Breaking the Metric Voting Distortion Barrier
Prasanna Ramakrishnan (Stanford University)
Monday, May 6th 2024, 2-3pm
Abstract:
We consider the following well-studied problem of metric distortion in social choice. Suppose we have an election with voters and candidates who lie in a shared metric space. We would like to design a voting rule that chooses a candidate whose average distance to the voters is small. However, instead of having direct access to the distances in the metric space, each voter gives us a ranked list of the candidates in order of distance. Can we design a voting rule that, regardless of the election instance and underlying metric space, chooses a candidate whose cost differs from the true optimum by only a small factor (known as the distortion)?
A long line of work culminated in finding deterministic voting rules with metric distortion 3, which is the best possible for deterministic rules and many other classes of voting rules.
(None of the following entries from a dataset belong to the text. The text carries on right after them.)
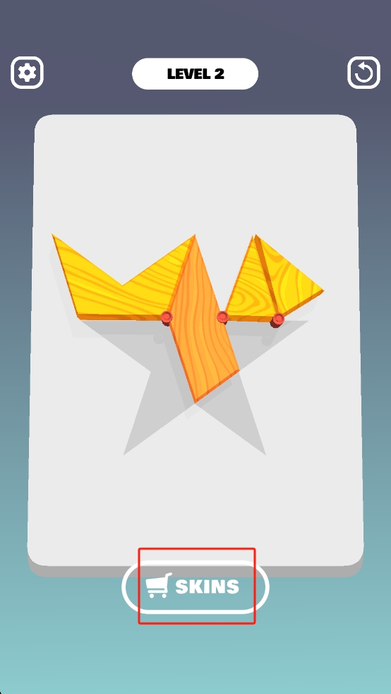 1、首先需要观察星形轮廓来规划等下怎么拼,点击下方SKINS按钮可以换皮肤,不过部分皮肤需要后续解锁。
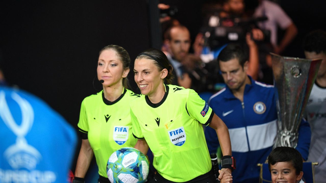 Nữ trọng tài Frappart, 38 tuổi, là người có thành tích nổi bật nhất trong số 3 người. Không chỉ là trọng tài uy tín chuyên bắt các trận bóng đá nữ, cô còn từng tham gia những trận đấu của nam giới. Đặc biệt nhất là bà từng cầm còi trận tranh Siêu cúp châu Âu năm 2019 giữa Liverpool và Chelsea.
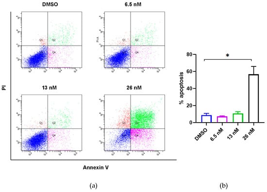 The cells were seeded in a 6-well plate (250,000 cells) and incubated for 24 h at 37 °C with 5% CO2. After settling, cells were further incubated in the absence or presence of 1 at the concentrations of 6.5, 13, and 26 nM to induce apoptosis for 48 h. The cells were harvested after the incubation period and washed in cold phosphate-buffered saline. The washed cell pellets were resuspended in 100 μL 1× annexin-binding buffer per assay, with 5 μL of FITC annexin V and 1 μL of the 100 μg/mL PI working solution added. The cells were incubated at room temperature for 15 min. After the incubation period, 400 μL of 1× annexin-binding buffer was added and mixed gently on ice. The stained cells were then analyzed by FACS Calibur™ (BD Biosciences, San Jose, CA, USA).
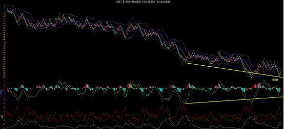 上图是组三的K线图,图中可以可以看到K线和macd目前是一个底背离的形态,形态上来看反弹的概率还是比较大,昨天遗漏0这个点没有连开,现在遗漏1了,图中可以看好遗漏1这个点是底部走节奏的,昨天蓝格子,今天红格子概率比较大。
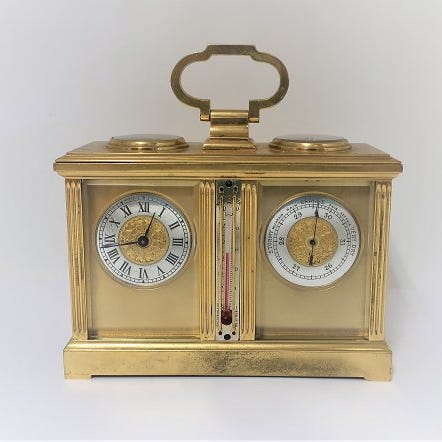 Vintage nautiske ure i mahogni-træ i sammensætning af termometer, hygrometer og barometer. Aneroide barostar af fransk oprindelse i bronceret finish og hjørner, testet og i funktion. Deres tilstand er meget god trods sin alder; velbevaret. Den bagerste del justeres efter land, og det kan installeres både vandret og lodret. Vedlagt er et bredt fotodokumentation til vurdering af det præsenterede; der vil blive anvendt særlig emballage for at undgå brud. Forsendelser uden for Den Europæiske Union eller Europa og uafhængige ikke er indeholdt i forsendelsespriserne ikke dækket af Catawiki og medfører et ekstra
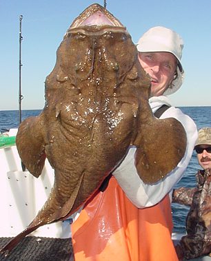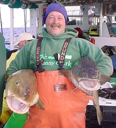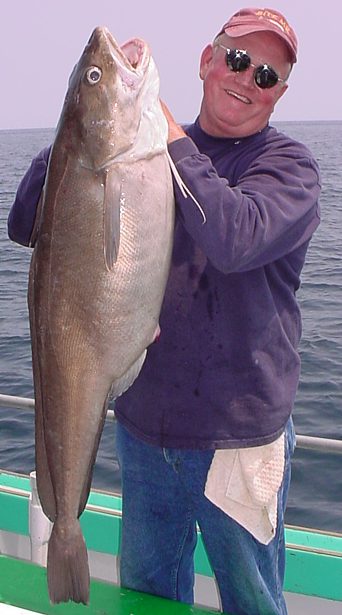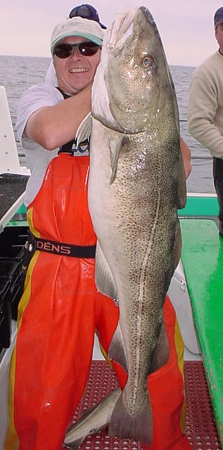 [The image on the left is a shot of Tom Hadley (NH) holding his 47 pound cod. The picture was taken in July 2004 on a full day trip. This is the largest cod that Tom has ever caught. During the 2003 season, Tom caught his largest wolffish, a Maine state trophy weighing 31 pounds (the largest wolffish caught that season and the third largest wolffish that has ever been landed on the Bunny Clark), and his largest white hake, another Maine state trophy of 34 pounds. ]
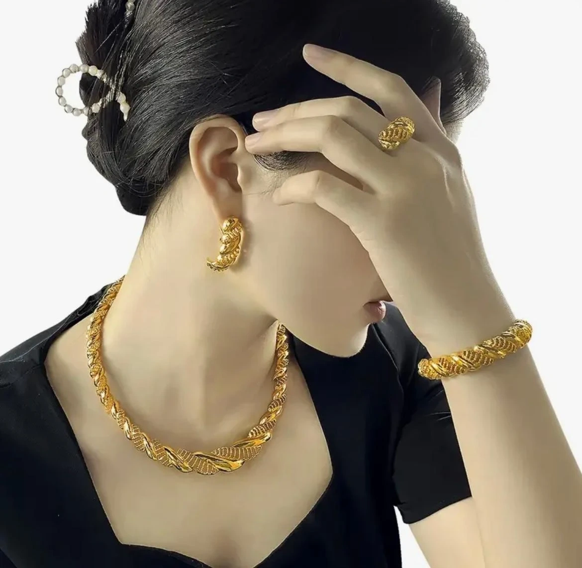 Selling a beautiful gold-toned jewellery set, including a necklace, bracelet, ring, and earrings! This set is perfect for adding a touch of elegance to any outfit

However, without any restrictions, there is still a significant gap in our understanding. Even though the best lower bound is substantially lower at 2.112, finding a randomized rule that guarantees distortion $3 - \epsilon$ for some constant $\epsilon$ has been a major challenge in computational social choice.
In this work, we give a rule that guarantees distortion less than 2.753 by carefully randomizing between Maximal Lotteries, a natural game-theoretical voting rule dating back to the 60's, and new voting rules that we introduce.
Based on joint work with Moses Charikar, Kangning Wang, and Hongxun Wu, which won a Best Paper Award at SODA 2024.